Since direct measurement and recreation is not possible, another method is used. Entangled particles are used to share this information, represented with blue circles. The blue arrows symbolise that they are entangles. Entangled particles are particles where measuring one of them immediately determines the other.

So, one of them is given to the original position, while the second goes to the location the state is teleported to.

Mathematically the entire set of four particles can be seen as a single entangled state. This means that certain measurements of the two particles at the original position changes the state of both particles at the final position.

A Bell measurement is then made on the set of particles in the original location. This is a measurement that collapses the total state of the four particles onto one of four possible states.

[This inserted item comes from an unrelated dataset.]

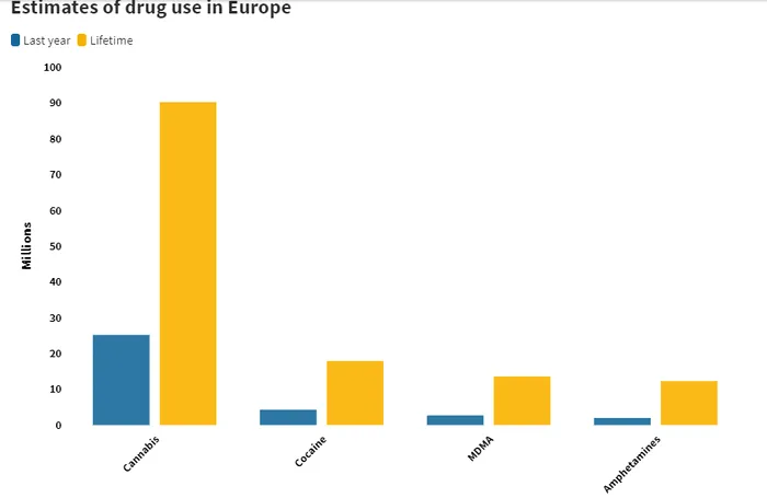 Cannabis-ul rămâne cel mai consumat drog la nivelul UE, cu peste 27% din populația adultă care declară că a consumat măcar o dată în viață acest drog. Următorul drog ca prevalență în UE este cocaina, cu aproape 18 milioane de utilizatori cel puțin o dată în viață. Clasamentul consumului de droguri este completat în ordine de MDMA (pastilele de tip ecstasy), amfetaminele și heroina.

The precise mathematics do not matter here, but because of the entanglement between the two particles sent to the beginning and end position, this measurement on the two particles in the beginning position changes the particle in the end position. Moreover, all four possible states in the end position are very similar to the state the original qubit had and can be transformed into the original state by a simple operation. Which operation is needed can be determined by the outcome of the Bell measurement. This information does need to be transferred from the original location to the final location, so no instantaneous travel is possible and no information travels faster than light.

The final operation needed to replicate the original qubit completely is the final turning of the knobs that freed the cat in the end. Very eagle eyed readers might have put together that this cannot actually save the cat, as the entire quantum state of the cat is teleported out of the box. the superposition of alive and dead is actually a part of that state, so this would not change with teleportation. Moreover, once she is outside, the measurement of which state she’s in occurs immediately.